Harvard University Professor Graham Allison, he of “Thucydides Trap” fame, writes in the National Interest that President Trump may be able to end the Ukraine War on acceptable, if imperfect, terms if he emulates President Dwight Eisenhower’s strategy that ended the Korean War.
It is an intriguing comparison — one that will surely upset Allison’s Harvard colleagues, who will scoff at the notion that Donald Trump and Dwight Eisenhower should be mentioned in the same sentence. It is not that his liberal colleagues admire Eisenhower, the president — they don’t. But Trump Derangement Syndrome doesn’t allow those that it afflicts to imagine Trump channeling the Allied Supreme Commander in World War II. (RELATED: Eisenhower: A Conservative in Action, Not Ideology)
Yet, Allison is right — Eisenhower’s success in ending the Korean War on terms unsatisfactory to all sides is a good model for Trump to use to end the Ukraine War. (RELATED: When Ike Said No)
In the 1952 presidential campaign, Republican candidate Eisenhower pledged to “go to Korea” to bring an end to the costly and politically divisive war.

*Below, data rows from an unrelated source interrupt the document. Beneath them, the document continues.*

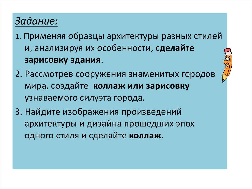 Задание:1. Применяя образцы архитектуры разных стилей и,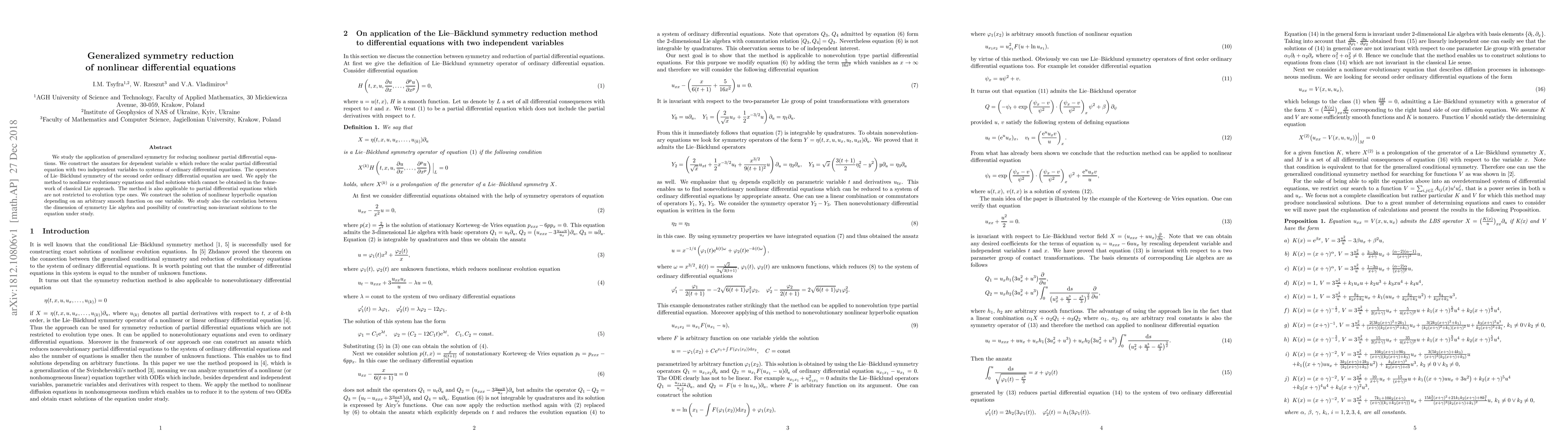 This paper explores the use of generalized symmetry reduction to simplify nonlinear partial differential equations into ordinary differential equations, employing Lie-Bäcklund symmetry operators. It successfully applies this method to nonlinear evolutionary and hyperbolic equations, uncovering solutions beyond the reach of classical Lie symmetry approaches.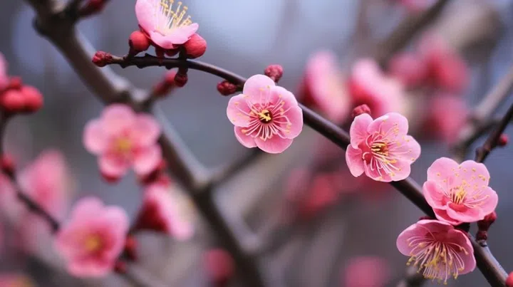 Peach blossoms or tao hua are considered sacred in China and symbolise romance, prosperity and growth. They're also popular with young people looking for love. Meanwhile, plum blossoms (pictured), called mei hua in Mandarin, are a symbol of endurance, courage, perseverance, and reliability.
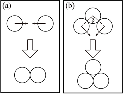 图1.(a)漂浮在液体表面的两颗粒由于液桥作用,自发团聚到一起;(b)同理,漂浮的三颗粒应自发趋向于密堆积;(c)实际观察到的一个漂浮颗粒聚集,含许多缺陷(洞)。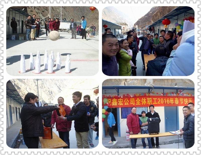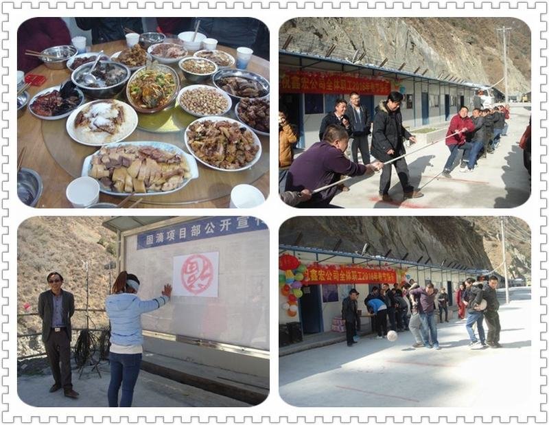 為豐富固滴項目工地職工的文娛生活,使春節期間留在工地繼續奮戰的全體員工能感受到家的溫馨和氛圍,項目部通過精心組織和策劃,開展了一場別開生面的歡度春節活動。2016年2月8日,鑫宏工程公司在固滴項目部開展2016年歡慶春節活動,共同在這個辭舊迎新的日子展望未來、攜手共創固滴項目嶄新的一年。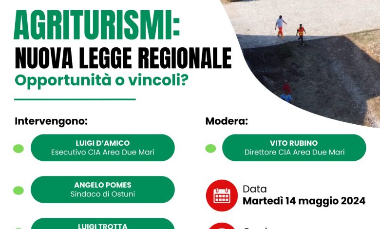 L’iniziativa, intitolata “Agriturismi, la nuova legge regionale: opportunità o vincoli?”, è organizzata da CIA Agricoltori Italiani Puglia Area Due Mari e dall’associazione Turismo Verde Puglia, prende il via alle ore 17:00 e prosegue fino alle ore 20:00.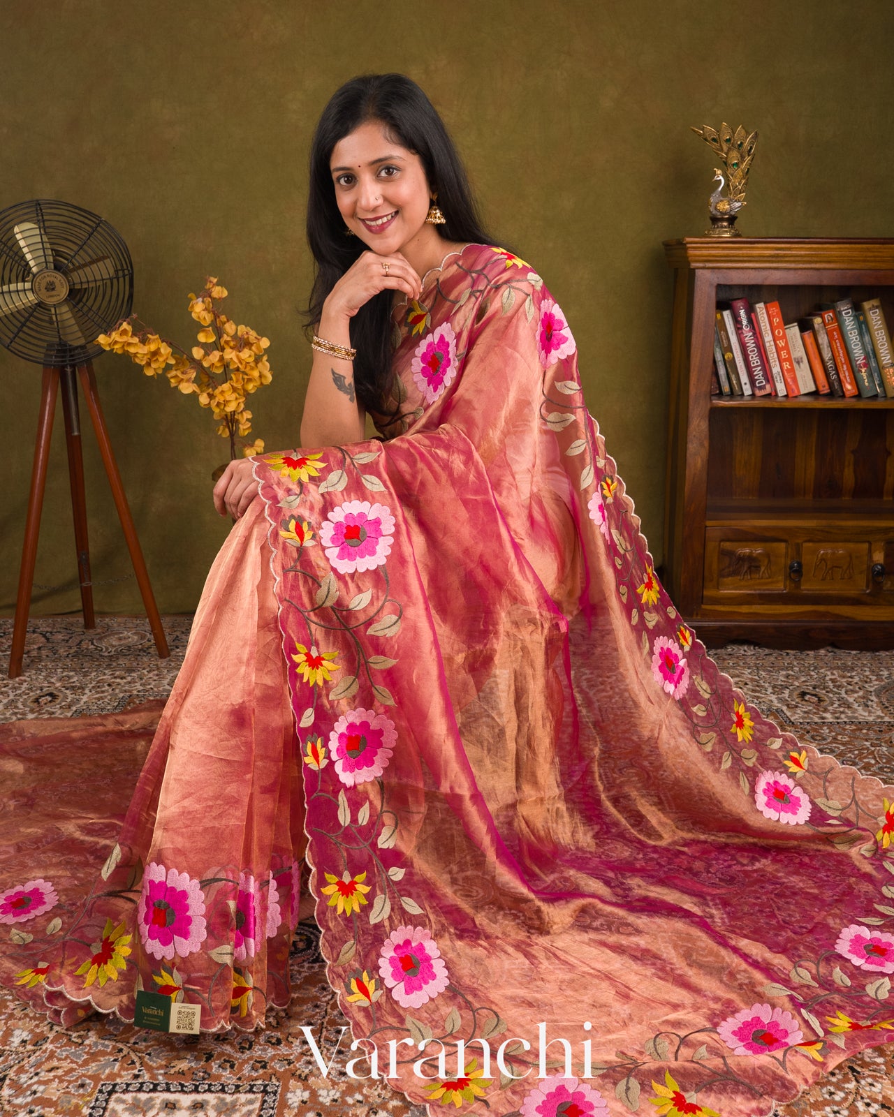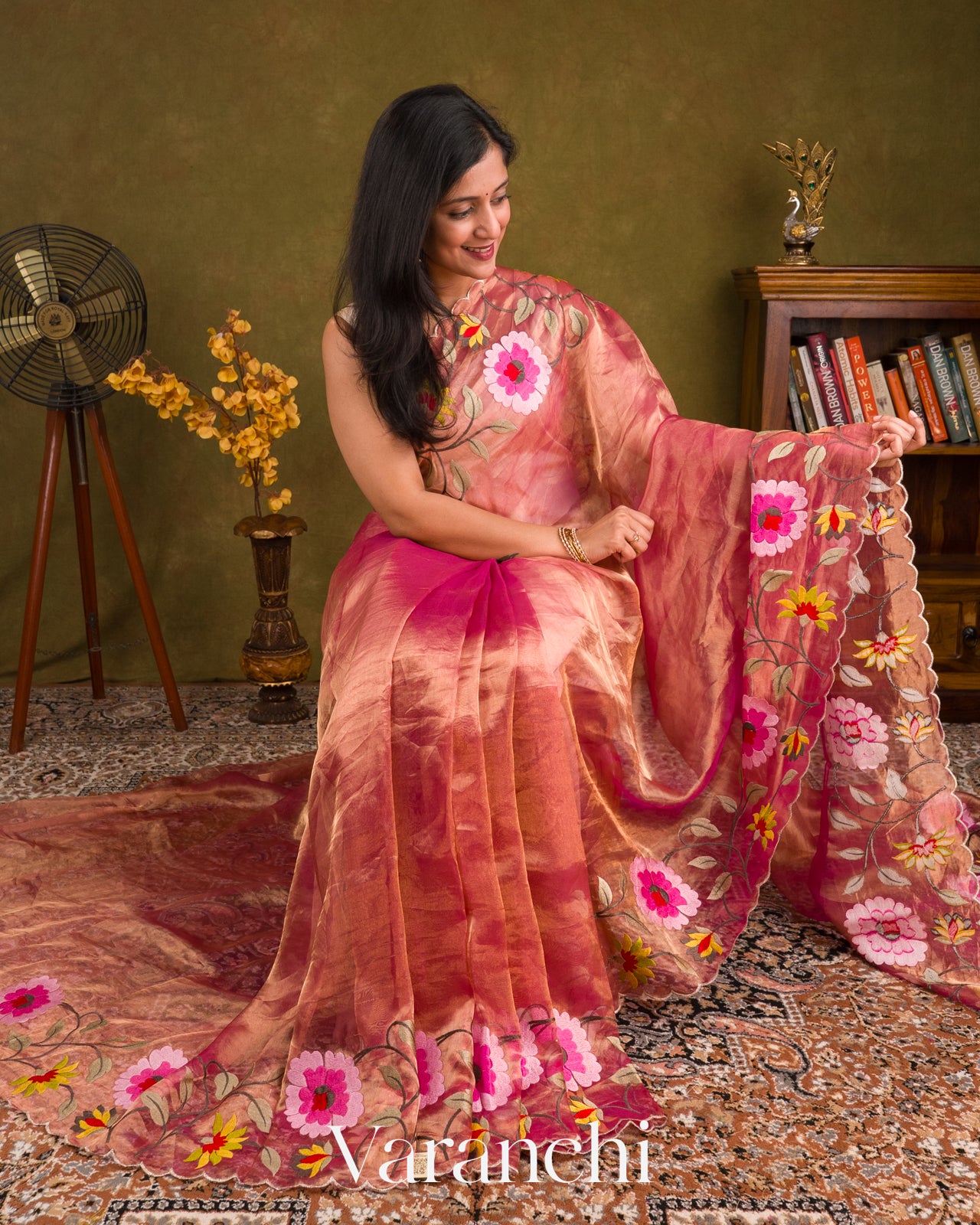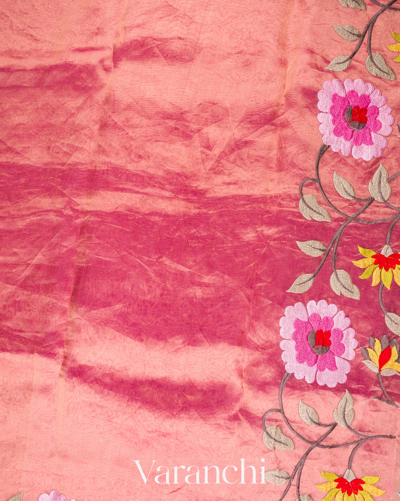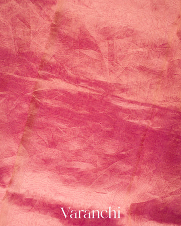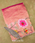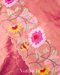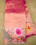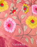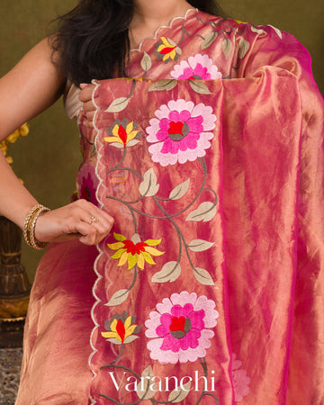 Rani Pink Floral Embroidered Pure Tissue Kora Silk Saree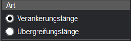 Nach Mausklick auf diesen Schalter öffnet sich die Maske zur Bearbeitung der Verankerungs-/ Übergreifungslänge.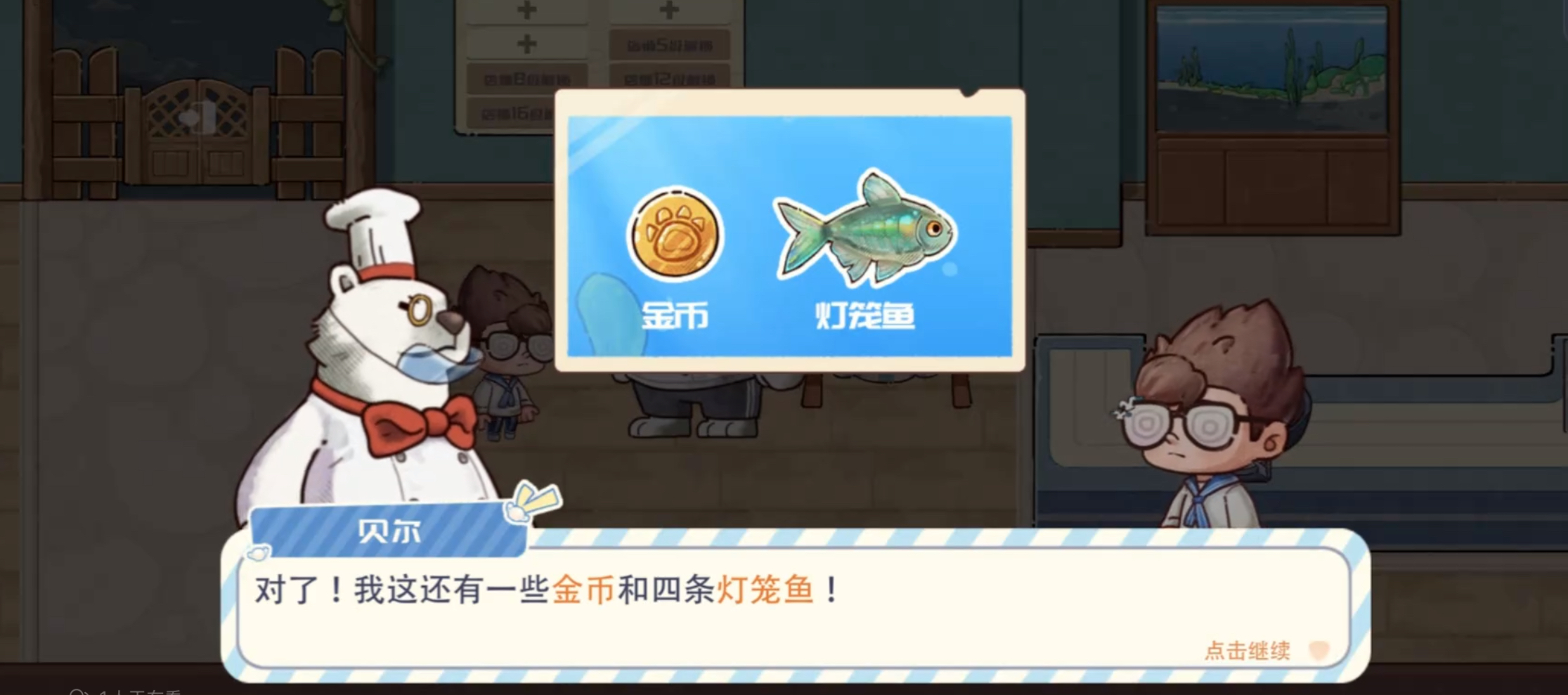 在游戏里特定的装饰组合会触发专属套装效果,可以帮助增加客流量,还可以增加顾客的额外消费,进一步提升餐厅的收益。菜品研发是餐厅竞争中的核心要素,但是研发的食材需要玩家前往海域去进行探索和收集,玩家通过潜艇前往不同的海域,再利用鱼叉捕鱼,以此获得新鲜的食材。不过在捕鱼的过程中玩家需要注意氧气值的消耗,如果氧气值过低则需要返回潜艇恢复,否则会导致探险失败丢失食材。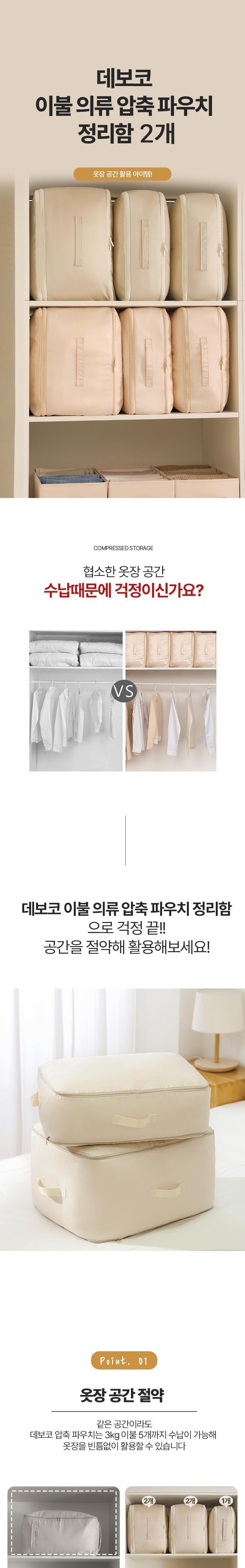 | 품명 및 모델명 | 데보코 이불 의류 압축 파우치 정리함 1+1 | 인증/허가 사항 | 해당없음 |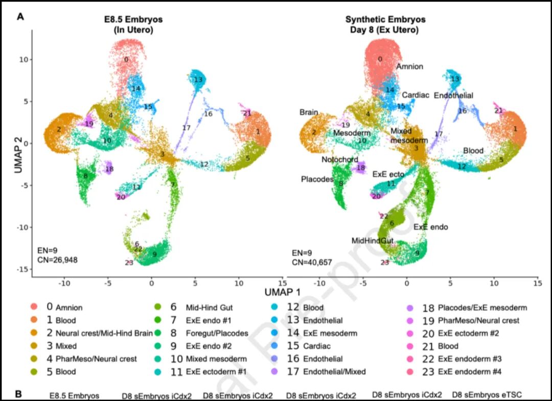 合成胚胎和天然胚胎的基因表达模式的相似度高达95%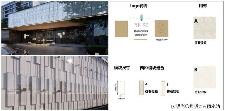 立面幕墙装饰构件,由案名LOGO转译成铝板造型纹理,整体几何形态以“玉章”为原型,选取两种仿石铝板模块组合,精准拿捏其比例与节奏韵律,创造“淡妆相宜”的建筑美学。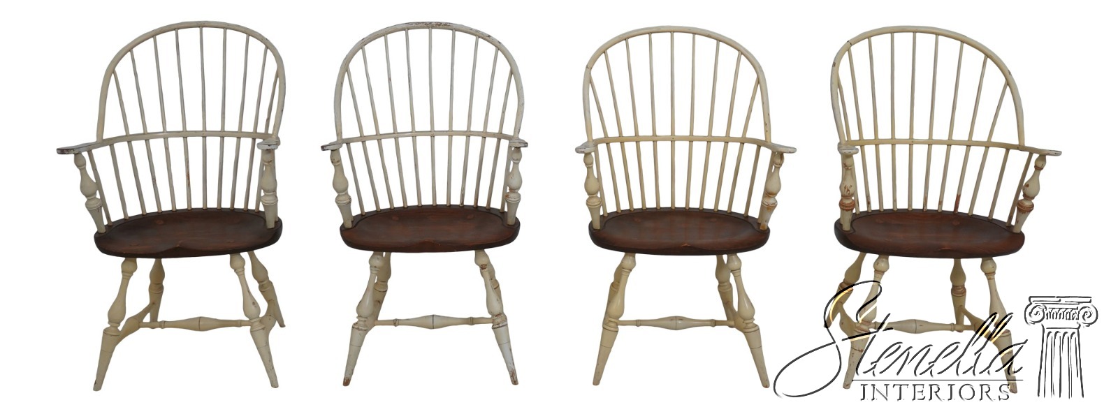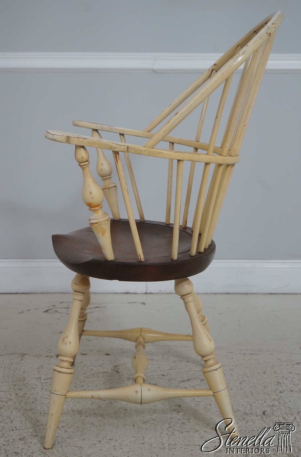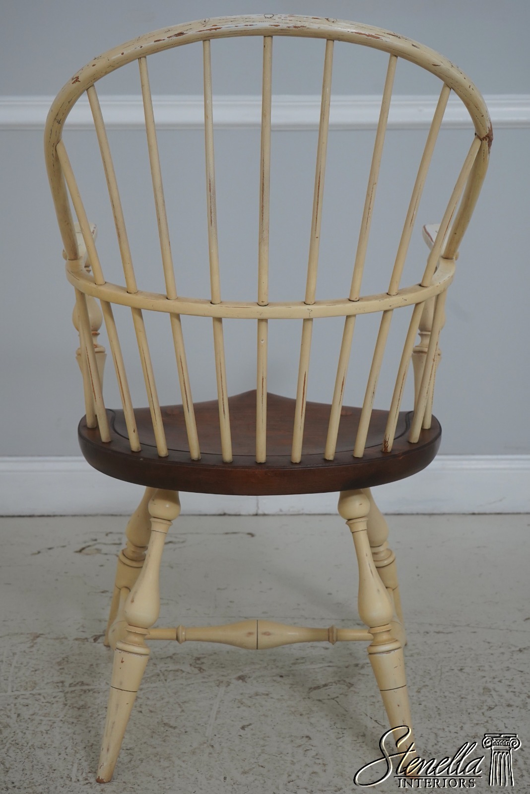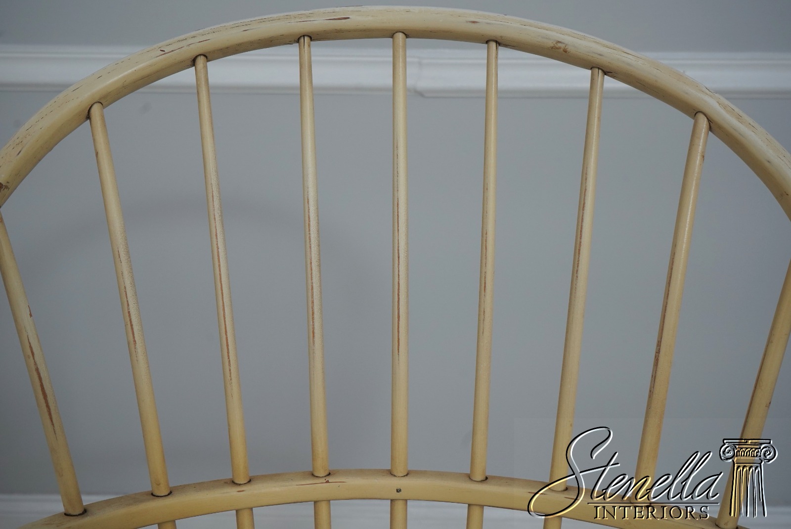 Details: Farmhouse Style High Quality Construction Traditional Style Stretcher Base Frame Spindle Bacs Un-Marked As To Manufacture Turned Legs Saddle Seat Distressed painted finish Mortised seat construction Offered @ Fraction Original Retail Cost

In 2024, Republican candidate Trump promised to end the Ukraine war soon after he takes office. (RELATED: Trump: The New Eisenhower on NATO)
Even before taking office in 1953, Eisenhower offended our ally South Korean leader Syngman Rhee — who wanted to fight on to victory — by opposing Rhee’s plans for another offensive and threatened to end joint operations with South Korean forces — as Allison puts it, Ike threatened to leave Rhee “on his own, unless he fell in line.” Ike’s administration then worked toward a ceasefire with our opponents in China, North Korea, and the Soviet Union. (RELATED: The Korean Armistice: The Triumph of Containment Over Liberation)
Trump, shortly after beginning his second term as president in 2025, offended Ukrainian President Zelenskyy, who, like Rhee, wants to fight on to victory, by telling him Ukraine must seek peace with Vladimir Putin’s Russia to bring an end to the costly and indecisive war. Trump, like Eisenhower, threatened to end support for Ukraine’s war effort. Trump was criticized by Ukraine’s supporters in the U.S. and Europe for trying to strike a deal with Vladimir Putin.
Eisenhower was dealing with North Korea’s Kim Il Sung, China’s Mao Zedong, and Soviet leader Josef Stalin — totalitarian despots whose murderous deeds and crimes against humanity far exceeded anything Putin, as bad as he is, has done thus far. If Ike’s administration could negotiate with those regimes, Trump’s administration can surely negotiate with Putin.
Eisenhower understood that a negotiated peace would have to reflect the facts on the ground. Even though the United States and the United Nations had pledged to unify the Korean peninsula under Syngman Rhee’s rule after Gen. Douglas MacArthur’s stunning Inchon landing in September 1950, which liberated Seoul and sent North Korean forces retreating across the 38th Parallel, the massive intervention of Chinese troops in October-November 1950 turned the tide of war against U.S., U.N., and South Korean forces. By the time Ike entered office as president, the Korean War was a bloody stalemate.
President Trump, like Eisenhower in Korea, recognizes that the Ukraine War is a bloody stalemate, and that Ukraine has no hope of victory. As Allison notes, Russian forces have been seizing eastern Ukrainian territory slowly but consistently, especially in the Donbas region. Trump, like Eisenhower in Korea, wants to “forge a sustainable peace.” He, like Eisenhower, wants the dying and destruction to stop. (RELATED: Liberals Supported Deals With Communists but Not With Putin)
No one was happy about the armistice that ended the Korean War, except the troops on both sides who got to go home, and the prisoners of war on both sides who were released and repatriated. The Korean peninsula remained divided, as it still is today.
North Korea continues to be ruled by the tyrannical Kim dynasty, while South Korea has enjoyed, for some time, a functioning if imperfect democracy and relative economic prosperity. If Trump’s deal with Russia can achieve something similar, Allison writes, “he will be able to claim that he has achieved the peace ‘deal of the century.’” That would drive Allison’s Harvard colleagues crazy.